Italian Military Magazine Says the West Has Lost the COVID War
Dec. 30, 2020 (EIRNS)—The West has not recognized that this fight against COVID is a war, and it has lost the war, argues Difesa Online Italian military magazine (“La Terza Ondata È Già In Atto: Dobbiamo Uscire Da Una Logica Emergenziale E Ragionare Da Militari”). After having documented that in all Western countries, the third wave of the pandemic is on and is bigger than the preceding two waves, the geopolitics desk editor David Rossi wrote:
“That is because we hid behind the Maginot Line of a fixed defense, instead of multiplying and rapidly moving troops.... In no country, maybe except in Communist China, have governments dealt with this emergency in the logic of a ‘real war.’ On the other hand, the truth is that no country is prepared today for a long war, over several theaters and with many losses, but only for lightning conflicts in one country at a time, or at most for operations of peace enforcing in two countries of the same region.
“Thus neither military nor even civilian medicine is able to even conceive the idea of moving, in a few weeks, from ordinary care for uniformed personnel in peacetime, to caring with extraordinary means and modalities for tens of thousands of infected, maimed or wounded reserves in wartime—a real war, as in World War II, Vietnam in the ’60s and ’70s, or Afghanistan in the ’80s. And yet, this is the logic we must accept in order to learn how to manage what is no longer an emergency but an historical cycle, which probably won’t be defeated even by vaccinations, since we don’t know how long protection lasts.... Therefore, we need to develop the ability to multiply beds and staff very quickly, to cope with the need to hospitalize 10-20% of detected cases, that is probably 1-2% of actual cases. In other words, we must act as if we had 2-3 million reserves engaged in fighting on a very large front and with a large number of wounded to be treated every day.

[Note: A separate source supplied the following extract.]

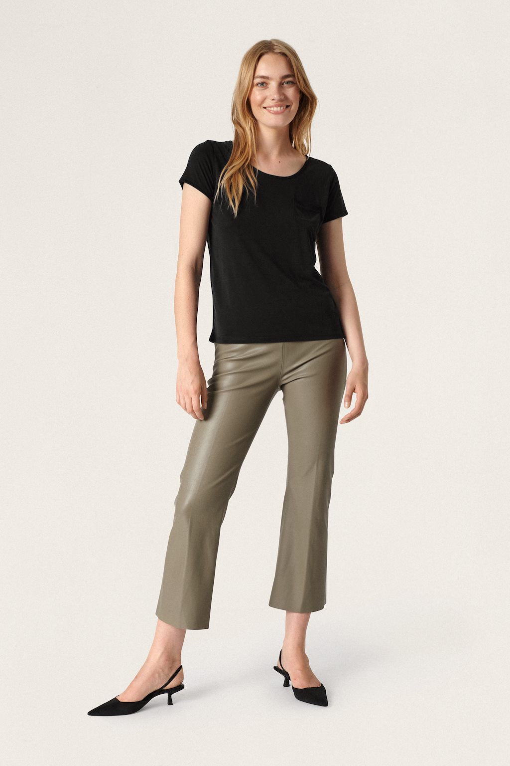 Elevate your wardrobe with our fashionable Columbine Crew-Neck T-Shirt. This essential piece features a classic t-shirt style, round neckline, and short sleeves for a versatile look. The pocket on the chest adds functionality while the ribbing on the neck and normal fit provide comfort. Perfect for layering and effortlessly chic.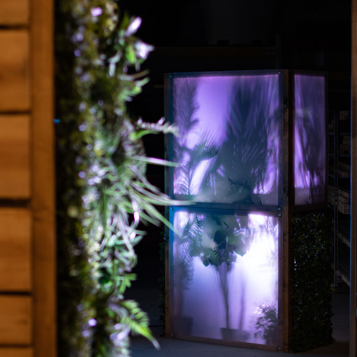 Speel met sfeerlichten, LED-Tubes en Tri parren in combinatie met kunstplanten voor een abstract of vervreemdend effect.

“Did you ever ask yourself how they managed, until a few decades ago, to go from say a half-million uniformed men in peacetime to rotating 5 million reserves on a couple of fronts in a fighting war?
“They did it because military health was a bit like a bagpipe, which stayed limp when it was necessary to manage the ordinary administration (appendicitis, injuries, etc.), but that when you began to fight seriously you could swell beyond expectation. To do this, you need money, human and material means, but above all the honesty to get out of an insane emergency logic and to admit to the public that this scenario will not change for years.”